• [EXERCISE INSTRUCTIONS]
Copy the data precisely, character for character, and leave out every picture.

• [EXERCISE DATA]
╔══

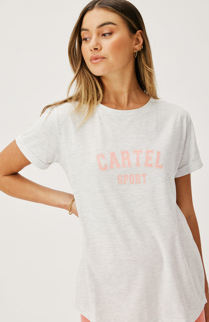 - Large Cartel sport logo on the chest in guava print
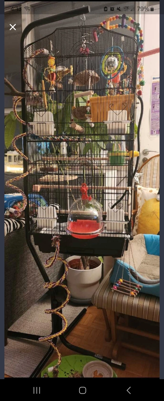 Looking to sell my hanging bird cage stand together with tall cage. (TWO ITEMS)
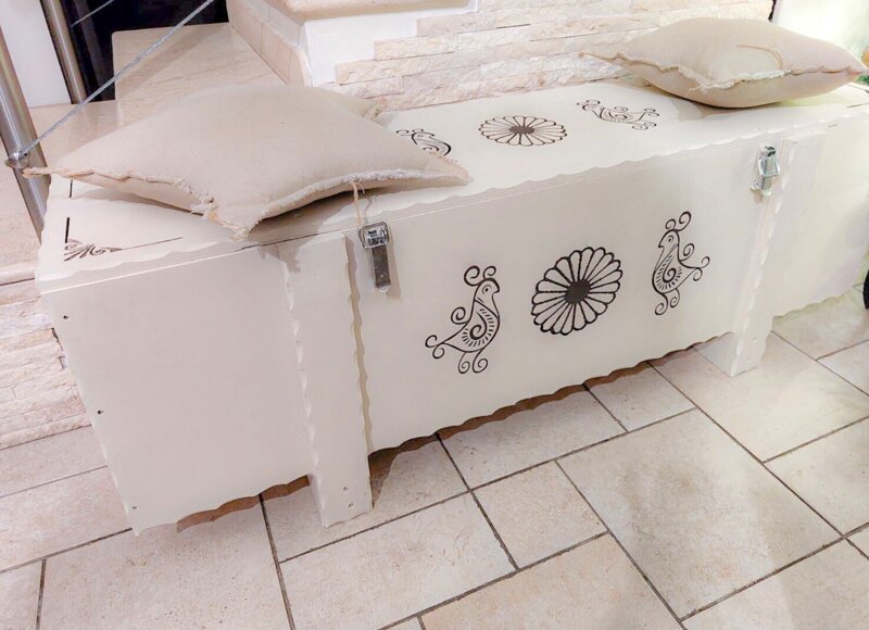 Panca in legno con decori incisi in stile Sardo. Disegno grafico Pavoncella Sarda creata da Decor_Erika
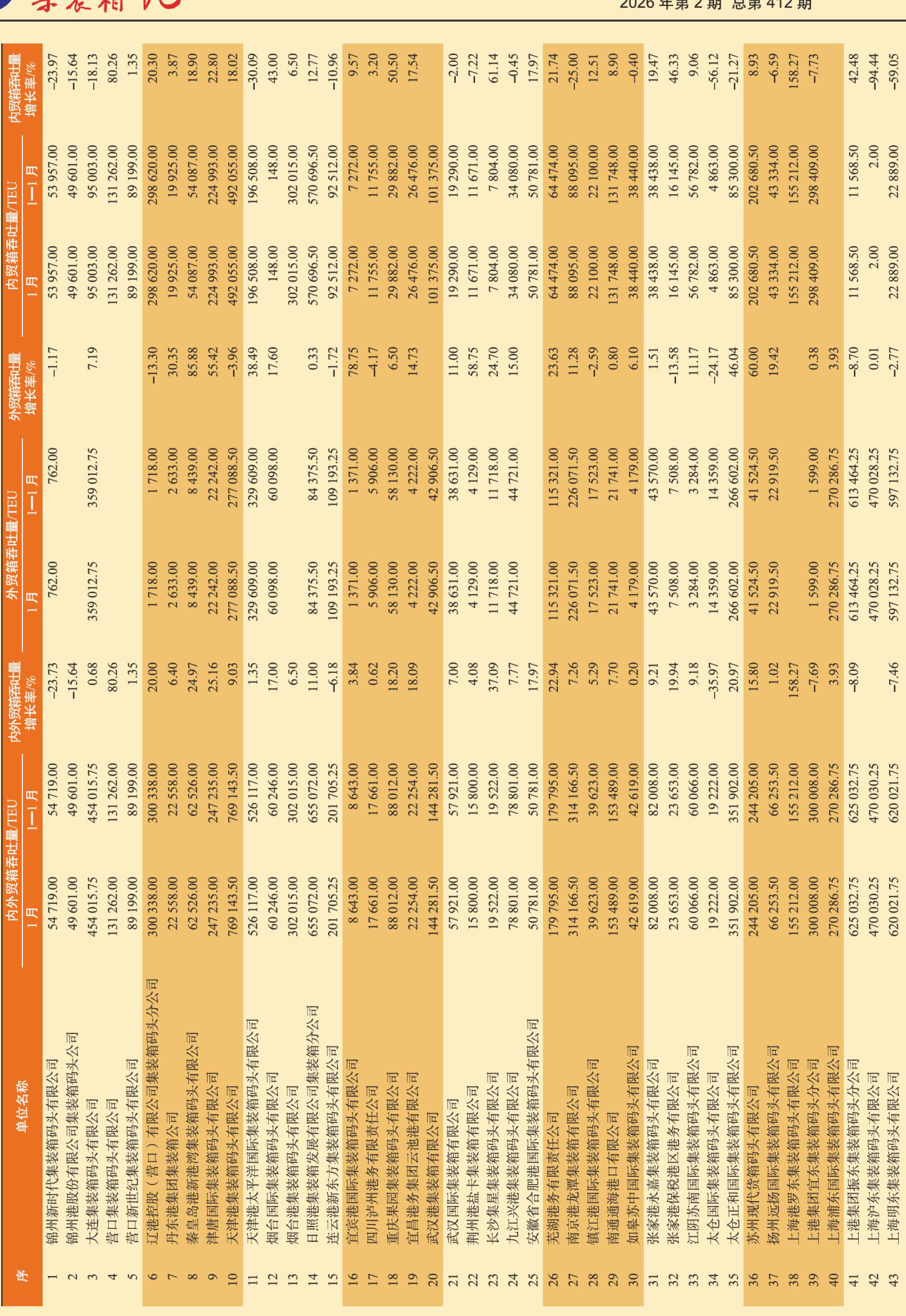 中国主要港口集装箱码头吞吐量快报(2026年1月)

╚══

• [EXERCISE RESPONSE]
 - Large Cartel sport logo on the chest in guava print
 Looking to sell my hanging bird cage stand together with tall cage. (TWO ITEMS)
 Panca in legno con decori incisi in stile Sardo. Disegno grafico Pavoncella Sarda creata da Decor_Erika
 中国主要港口集装箱码头吞吐量快报(2026年1月)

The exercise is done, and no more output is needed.